§ **Instructions to follow**
Repeat exactly the lines below, from the line containing "RYC1 (Reddish Yellow Cocktail 1)" through the last line, both included. Leave out any pictures.

§ **Given data**
··········
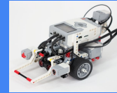
STEM Robotics Kits
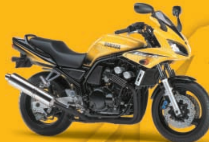
RYC1 (Reddish Yellow Cocktail 1)

Always wear a helmet, eye protection and protective clothing. Yamaha encourage you to ride safely and respect fellow riders and the environment. Specifications and appearance of Yamaha products shown here may vary according to requirements and conditions, and are subject to change without notice. For further details, please consult your Yamaha dealer.
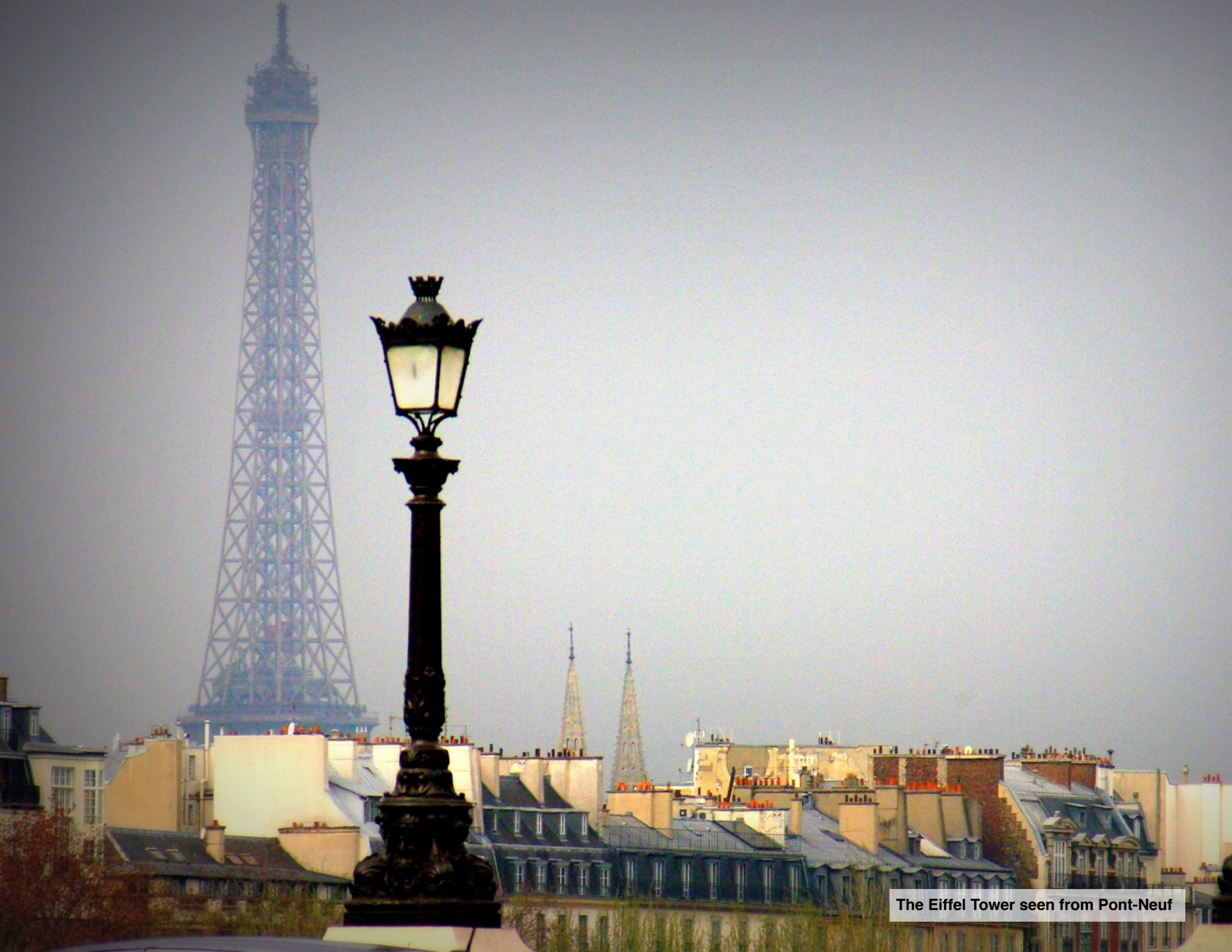
The Eiffel Tower seen from Pont-Neuf
··········
§ **Answer box**
RYC1 (Reddish Yellow Cocktail 1)

Always wear a helmet, eye protection and protective clothing. Yamaha encourage you to ride safely and respect fellow riders and the environment. Specifications and appearance of Yamaha products shown here may vary according to requirements and conditions, and are subject to change without notice. For further details, please consult your Yamaha dealer.
The Eiffel Tower seen from Pont-Neuf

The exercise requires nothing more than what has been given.